## WHAT IS BEING ASKED
The listing below should be printed exactly, though its pictures must not be.

## MATERIAL PROVIDED

= = =

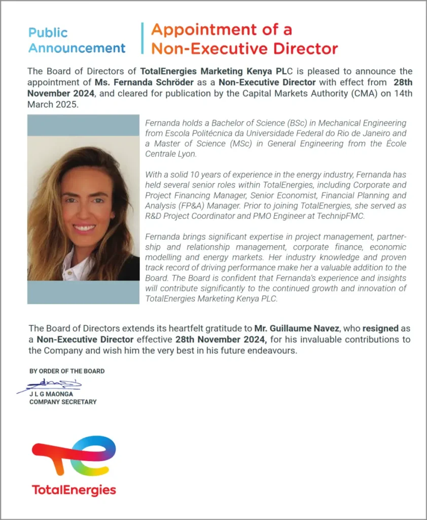 TotalEnergies Marketing Kenya PLC has appointed Ms. Fernanda Schröder as a Non-Executive Director. Fernanda brings over 10 years of experience in the energy industry, having held key roles at TotalEnergies and TechnipFMC.
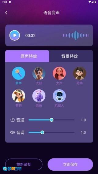4、进入变声界面,可对原声和背景特效进行自定义设置,选好后点击立即保存,就能生成专属于你的录音变声素材。
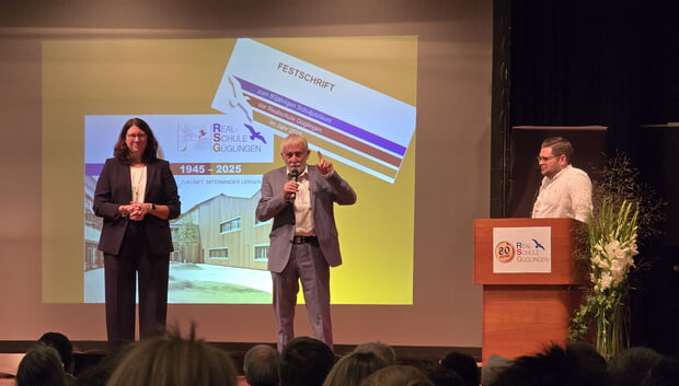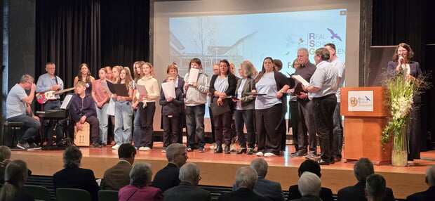 Neben musikalischen Beiträgen des Schüler- und Lehrerchores trug Altrektor Klaus Pfeil amüsante und heitere Geschichten der Realschule Güglingen vor und kombinierte dies damit, dass er die 80-jährige Entwicklungsgeschichte der Realschule Güglingen von 1945 bis 2025 entlang eines Luftbildes aufzeigte und jeweils passenden Anekdoten beisteuerte. Anschließend stellte Rektorin Sandra Stahl das aktuelle Konzept der Realschule Güglingen vor. DAbei wurde ein topaktueller Schulfilm der RSG uraufgeführt, der die vielfältigen Facetten des Schullebens zeigt. Alle Festredner betonten, dass die Realschule sich immer adäquat weiterentwickelt und sich den jeweils aktuellen Zeiterfordernissen gestellt hat. Daher wird sie auch den kommenden Herausforderungen angemessen begegnen und diese meistern. Die Stadt Güglingen und die gesamte Region Zabergäu kann zurecht stolz sein auf diese Realschule, was auch durch die Anwesenheit verschiedener Repräsentanten der Güglinger Betriebe unterstrichen wurde – man meinte etwas augenzwinkernd gar das gesamte „Who is who des Zabergäus“ an diesem Abend in der Herzogskelter versammelt zu haben. Die Wirtschaft und Gesellschaft der Region hat seit 80 Jahren sehr von den vielen Generationen an Absolvent(inn)en der Realschule Güglingen profitiert. Daher wurde die geleistete Arbeit an diesem Abend mit viel Dank und Respekt gewürdigt.

= = =

## TASK SOLUTION
 TotalEnergies Marketing Kenya PLC has appointed Ms. Fernanda Schröder as a Non-Executive Director. Fernanda brings over 10 years of experience in the energy industry, having held key roles at TotalEnergies and TechnipFMC.
4、进入变声界面,可对原声和背景特效进行自定义设置,选好后点击立即保存,就能生成专属于你的录音变声素材。
 Neben musikalischen Beiträgen des Schüler- und Lehrerchores trug Altrektor Klaus Pfeil amüsante und heitere Geschichten der Realschule Güglingen vor und kombinierte dies damit, dass er die 80-jährige Entwicklungsgeschichte der Realschule Güglingen von 1945 bis 2025 entlang eines Luftbildes aufzeigte und jeweils passenden Anekdoten beisteuerte. Anschließend stellte Rektorin Sandra Stahl das aktuelle Konzept der Realschule Güglingen vor. DAbei wurde ein topaktueller Schulfilm der RSG uraufgeführt, der die vielfältigen Facetten des Schullebens zeigt. Alle Festredner betonten, dass die Realschule sich immer adäquat weiterentwickelt und sich den jeweils aktuellen Zeiterfordernissen gestellt hat. Daher wird sie auch den kommenden Herausforderungen angemessen begegnen und diese meistern. Die Stadt Güglingen und die gesamte Region Zabergäu kann zurecht stolz sein auf diese Realschule, was auch durch die Anwesenheit verschiedener Repräsentanten der Güglinger Betriebe unterstrichen wurde – man meinte etwas augenzwinkernd gar das gesamte „Who is who des Zabergäus“ an diesem Abend in der Herzogskelter versammelt zu haben. Die Wirtschaft und Gesellschaft der Region hat seit 80 Jahren sehr von den vielen Generationen an Absolvent(inn)en der Realschule Güglingen profitiert. Daher wurde die geleistete Arbeit an diesem Abend mit viel Dank und Respekt gewürdigt.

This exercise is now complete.